Diagrams and Commutativity

Chapter 02 named the objects and morphisms of the workflow. The next question is whether the visible paths preserve the same approval meaning or only look compatible on paper. Diagrams answer that question as compact proofs of consistency across multiple design views. The chapter begins with the minimal policy-gated approval diagram before expanding to the richer repository-level diagram used by the common running example. The linked diagrams and matrix remain the canonical repository source, but Figure 3.1, Figure 3.2, and Table 3.1 carry the first-reading argument inside the chapter.

Learning goals

Read a diagram as a design argument about preserved meaning rather than as decoration.
Use commutativity to test whether multiple workflow paths still justify the same claim.
Connect diagram labels to repository artifacts, review questions, and verification consequences.

Prerequisites

The object, morphism, and composition vocabulary from Chapter 02.
Familiarity with the running example artifact names Change Request, Review Plan, and Approved Change.

Key concepts

commutative diagram
traceability matrix
coherence failure
invariant

Running example linkage

The minimal diagram is the canonical source behind Figure 3.1, and the common commutative diagram is the canonical source behind Figure 3.2.
The traceability matrix and coherence failure artifact become secondary inspection tools once the local figures and table have established the chapter’s main claim.

Why diagrams matter in engineering

A diagram here is a compact design argument rather than an illustration. The argument matters when a team needs to compare multiple paths, preserve one invariant, and decide whether the workflow is still trustworthy after a change.

Diagrams as compact design arguments

Prose can describe a workflow step by step, but it often hides the relation between alternative paths. A diagram makes those paths visible at once. That visibility matters because the review question is usually not “What happens next?” It is “Do these different routes preserve the same meaning?”

Figure 3.1 shows the smallest version of that question in the running example.

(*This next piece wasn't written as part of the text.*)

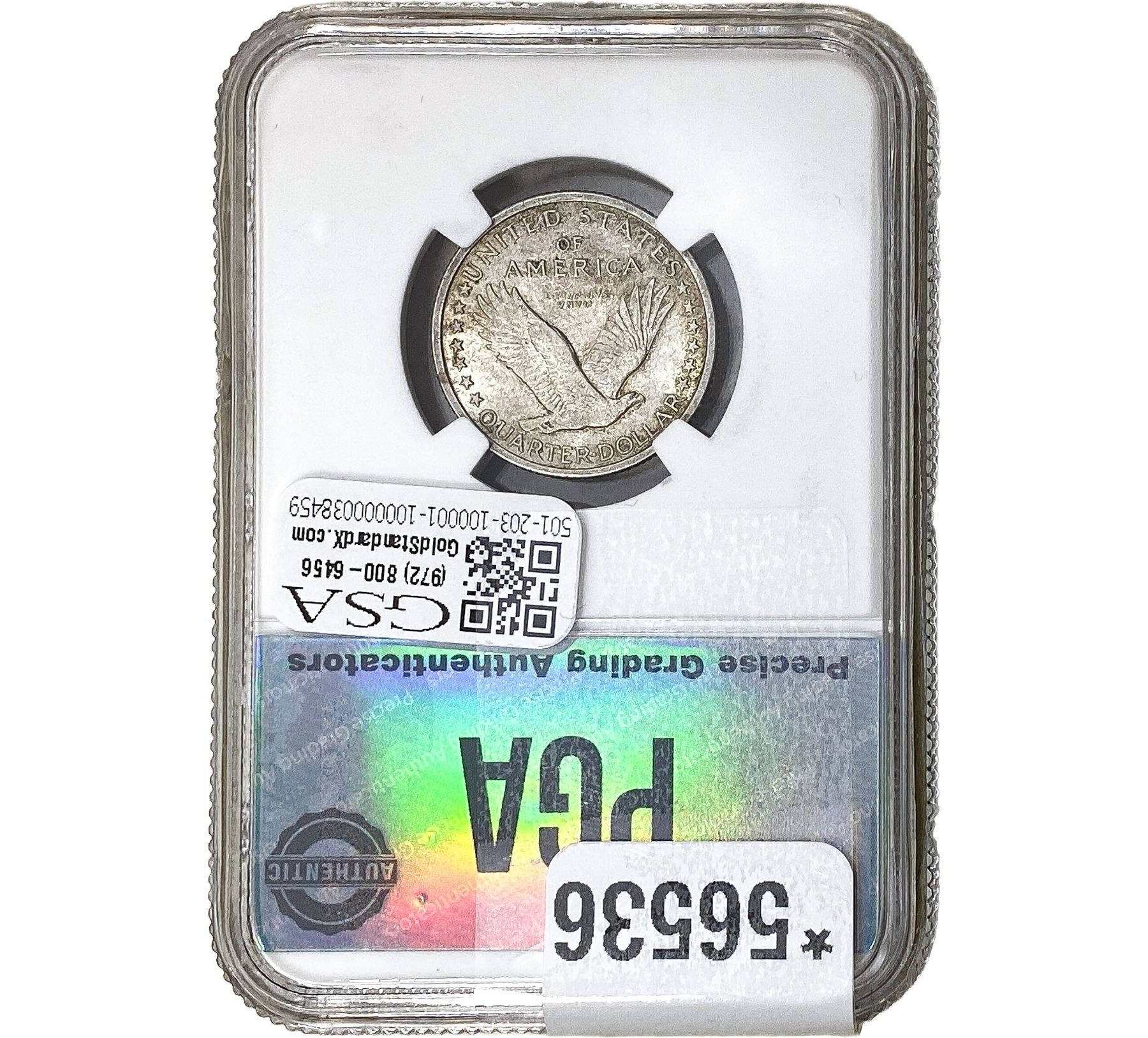 e. Coins sold referencing a third-party grading service are sold “AS IS” without any express or implied warranty, except for a guarantee by GSA that they are genuine. Removal or alteration of the holder, voids all of Bidder’s claims concerning that Product. Certain warranties may be available from the grading services and Bidders are referred to them for further details: Numismatic Guaranty Corporation (NGC), PO Box 4776, Sarasota, FL 34230, www.ngccoin.com/services/writtenguarantee.asp; Professional Coin Grading Services (PCGS), PO Box 9458, Newport Beach, CA 92658, www.pcgs.com/guarantee.html; ANACS, 6555 S. Kenton St., Ste. 303, Englewood, CO 80111; and Independent Coin Grading Co. (ICG), 7901 East Bellview, Ave., Suite 50, Englewood, CO 80111.

Figure 3.1. Minimal approval commutativity claim.

Reader takeaway. The diagram matters only because the two visible paths are claiming one shared approval meaning.

Publication redraw of Figure 3.1 showing the minimal approval commutativity claim.

The minimal diagram does not yet describe every operational detail. It isolates one design claim that can be reviewed by hand. If the composed path from Change Request through Review Plan to Approved Change is supposed to justify the direct edge policy-gated-approval, the diagram turns that statement into a visible proof obligation.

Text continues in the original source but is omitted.